***** DATA FOR PROCESSING

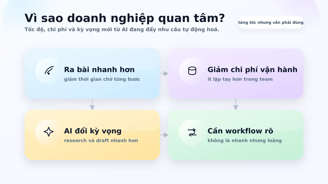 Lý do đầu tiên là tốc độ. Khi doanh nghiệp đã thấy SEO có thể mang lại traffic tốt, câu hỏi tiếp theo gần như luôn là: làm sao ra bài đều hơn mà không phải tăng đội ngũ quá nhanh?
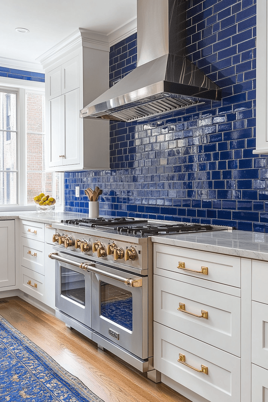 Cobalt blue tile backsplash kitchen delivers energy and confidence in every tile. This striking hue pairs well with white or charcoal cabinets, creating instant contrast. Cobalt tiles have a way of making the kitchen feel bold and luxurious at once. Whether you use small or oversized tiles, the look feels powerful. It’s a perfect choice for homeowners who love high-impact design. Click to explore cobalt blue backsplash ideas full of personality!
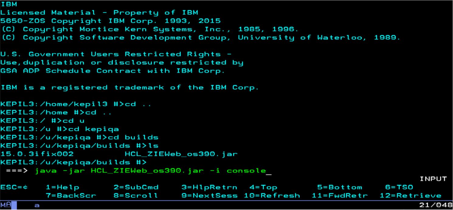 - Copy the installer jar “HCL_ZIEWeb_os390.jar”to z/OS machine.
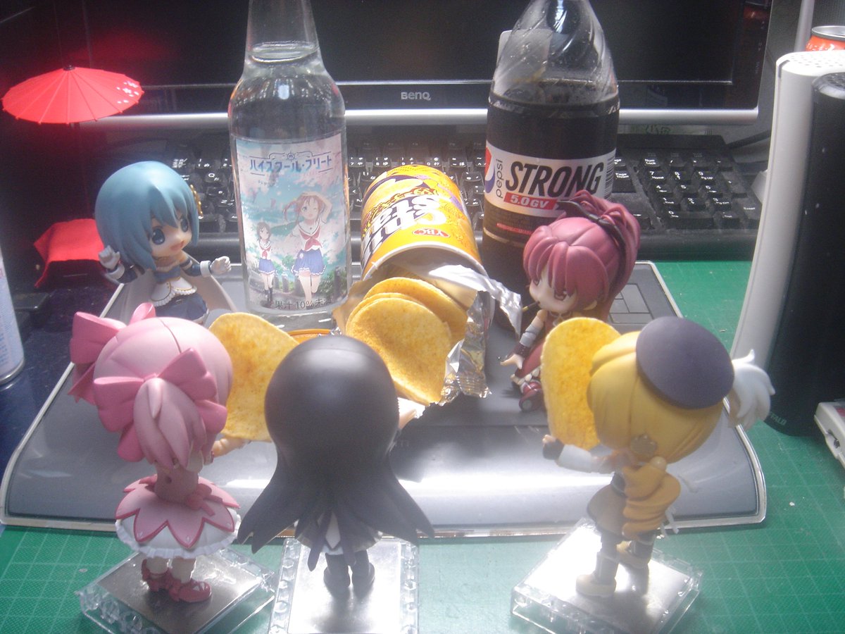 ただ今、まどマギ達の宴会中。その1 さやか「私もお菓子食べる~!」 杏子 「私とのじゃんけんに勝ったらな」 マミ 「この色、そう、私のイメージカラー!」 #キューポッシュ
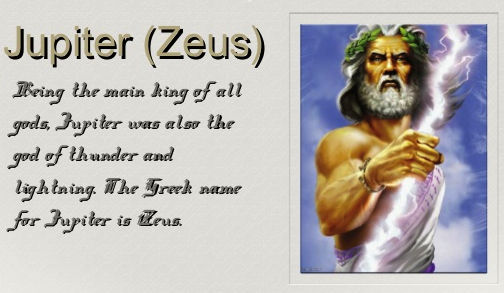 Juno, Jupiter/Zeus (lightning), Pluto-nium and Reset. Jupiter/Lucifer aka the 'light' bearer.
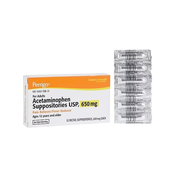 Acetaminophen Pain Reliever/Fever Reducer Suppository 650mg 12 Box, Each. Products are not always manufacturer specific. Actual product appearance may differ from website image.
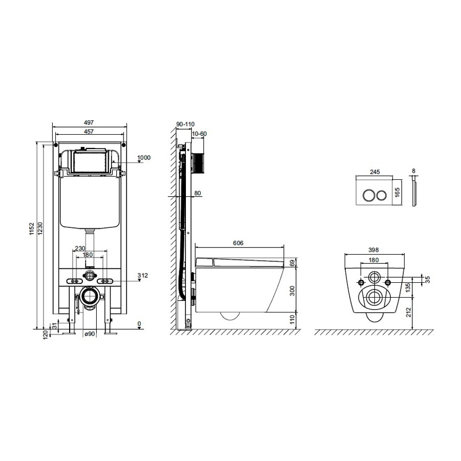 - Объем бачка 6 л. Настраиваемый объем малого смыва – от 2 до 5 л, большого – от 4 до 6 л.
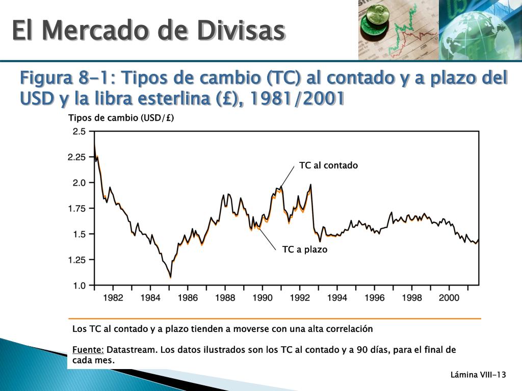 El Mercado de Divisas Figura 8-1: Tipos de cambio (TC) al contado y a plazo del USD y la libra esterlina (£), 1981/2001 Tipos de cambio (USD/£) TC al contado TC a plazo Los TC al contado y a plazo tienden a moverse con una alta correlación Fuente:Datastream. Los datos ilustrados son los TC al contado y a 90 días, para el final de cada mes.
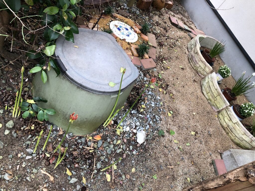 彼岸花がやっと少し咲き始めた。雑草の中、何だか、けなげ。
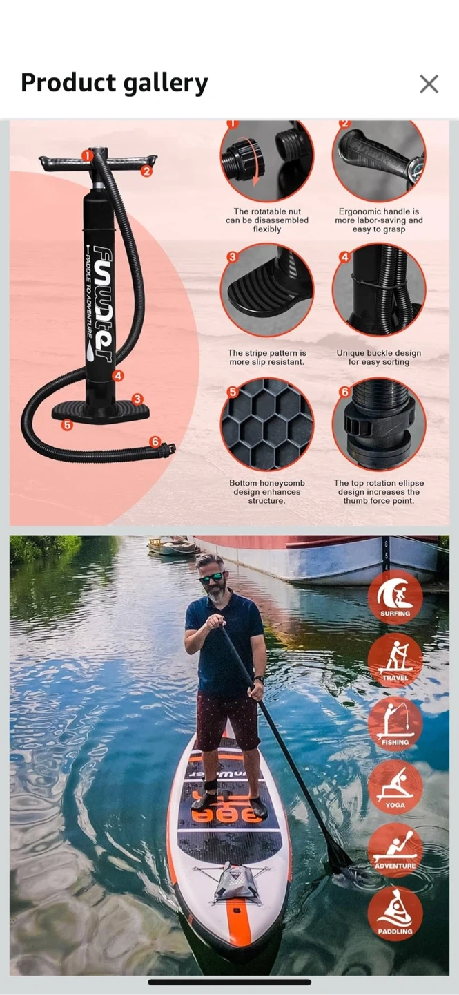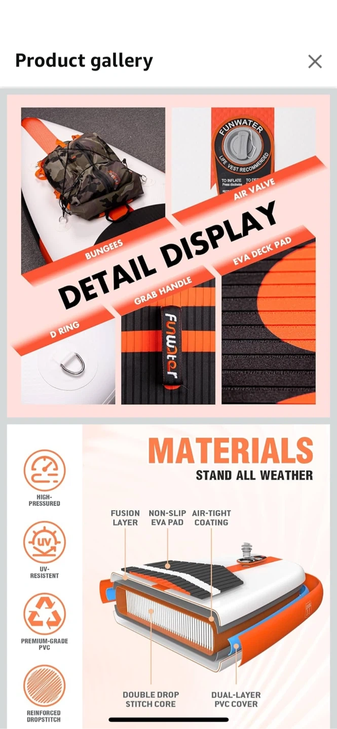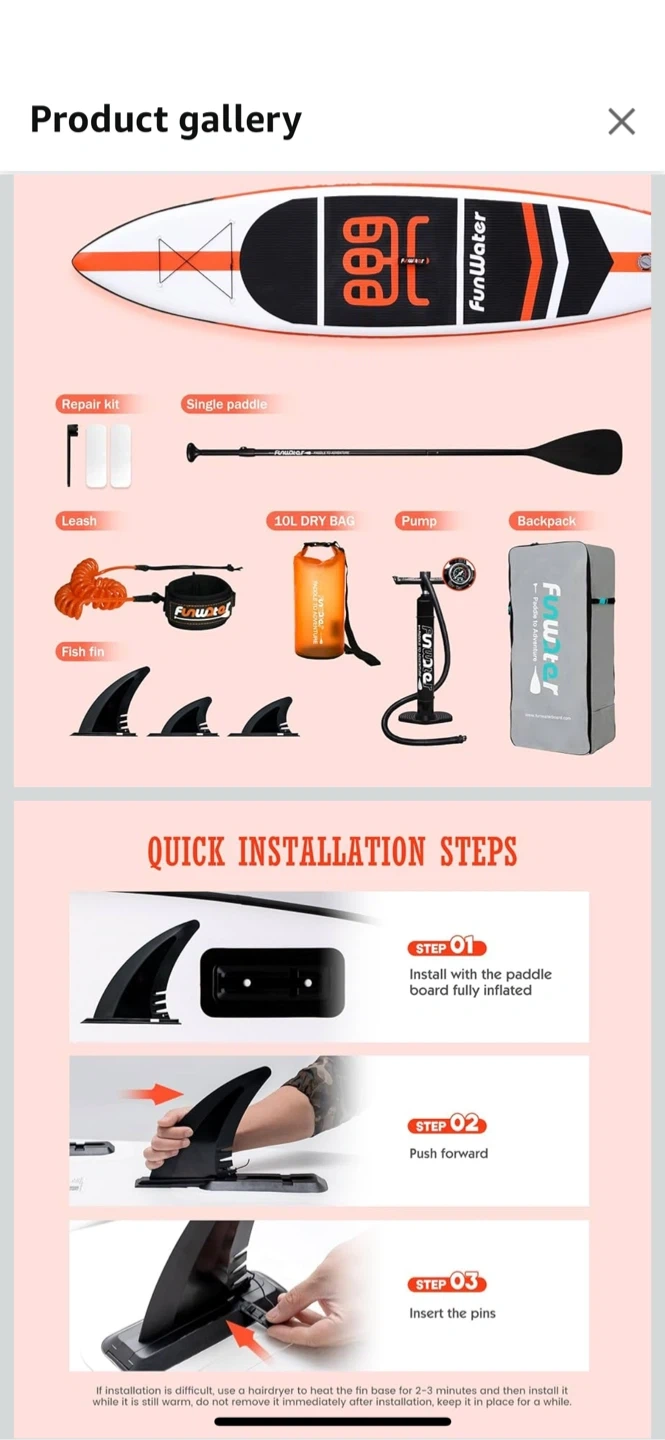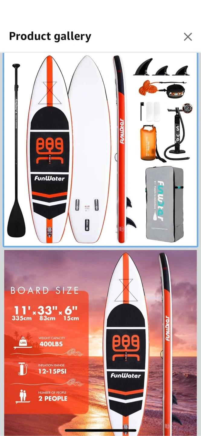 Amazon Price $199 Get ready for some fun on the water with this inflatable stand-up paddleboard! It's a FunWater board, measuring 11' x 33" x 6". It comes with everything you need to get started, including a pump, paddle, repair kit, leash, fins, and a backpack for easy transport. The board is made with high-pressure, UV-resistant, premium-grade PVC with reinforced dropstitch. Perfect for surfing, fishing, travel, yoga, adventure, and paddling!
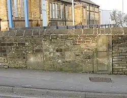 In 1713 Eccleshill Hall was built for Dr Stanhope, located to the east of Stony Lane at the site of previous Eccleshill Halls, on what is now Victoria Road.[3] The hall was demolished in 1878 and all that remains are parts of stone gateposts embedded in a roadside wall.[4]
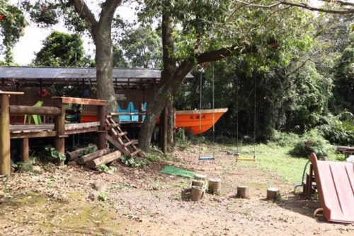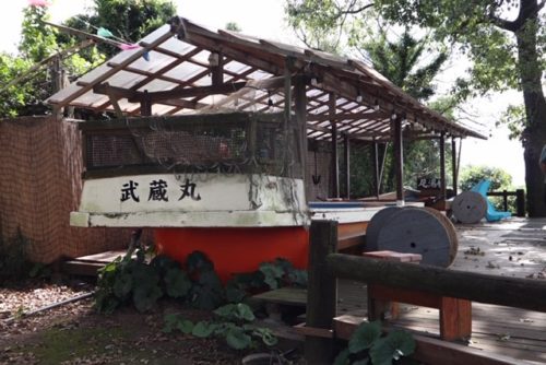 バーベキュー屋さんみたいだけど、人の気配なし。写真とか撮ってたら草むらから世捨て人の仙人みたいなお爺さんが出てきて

**********

> _ACTIVITY_
Both ends included, copy word for word the lines from the top of the entries above through the line with "In 1713 Eccleshill". No pictures.

> _ANSWER AREA_
 Lý do đầu tiên là tốc độ. Khi doanh nghiệp đã thấy SEO có thể mang lại traffic tốt, câu hỏi tiếp theo gần như luôn là: làm sao ra bài đều hơn mà không phải tăng đội ngũ quá nhanh?
 Cobalt blue tile backsplash kitchen delivers energy and confidence in every tile. This striking hue pairs well with white or charcoal cabinets, creating instant contrast. Cobalt tiles have a way of making the kitchen feel bold and luxurious at once. Whether you use small or oversized tiles, the look feels powerful. It’s a perfect choice for homeowners who love high-impact design. Click to explore cobalt blue backsplash ideas full of personality!
 - Copy the installer jar “HCL_ZIEWeb_os390.jar”to z/OS machine.
 ただ今、まどマギ達の宴会中。その1 さやか「私もお菓子食べる~!」 杏子 「私とのじゃんけんに勝ったらな」 マミ 「この色、そう、私のイメージカラー!」 #キューポッシュ
 Juno, Jupiter/Zeus (lightning), Pluto-nium and Reset. Jupiter/Lucifer aka the 'light' bearer.
 Acetaminophen Pain Reliever/Fever Reducer Suppository 650mg 12 Box, Each. Products are not always manufacturer specific. Actual product appearance may differ from website image.
 - Объем бачка 6 л. Настраиваемый объем малого смыва – от 2 до 5 л, большого – от 4 до 6 л.
 El Mercado de Divisas Figura 8-1: Tipos de cambio (TC) al contado y a plazo del USD y la libra esterlina (£), 1981/2001 Tipos de cambio (USD/£) TC al contado TC a plazo Los TC al contado y a plazo tienden a moverse con una alta correlación Fuente:Datastream. Los datos ilustrados son los TC al contado y a 90 días, para el final de cada mes.
 彼岸花がやっと少し咲き始めた。雑草の中、何だか、けなげ。
 Amazon Price $199 Get ready for some fun on the water with this inflatable stand-up paddleboard! It's a FunWater board, measuring 11' x 33" x 6". It comes with everything you need to get started, including a pump, paddle, repair kit, leash, fins, and a backpack for easy transport. The board is made with high-pressure, UV-resistant, premium-grade PVC with reinforced dropstitch. Perfect for surfing, fishing, travel, yoga, adventure, and paddling!
 In 1713 Eccleshill Hall was built for Dr Stanhope, located to the east of Stony Lane at the site of previous Eccleshill Halls, on what is now Victoria Road.[3] The hall was demolished in 1878 and all that remains are parts of stone gateposts embedded in a roadside wall.[4]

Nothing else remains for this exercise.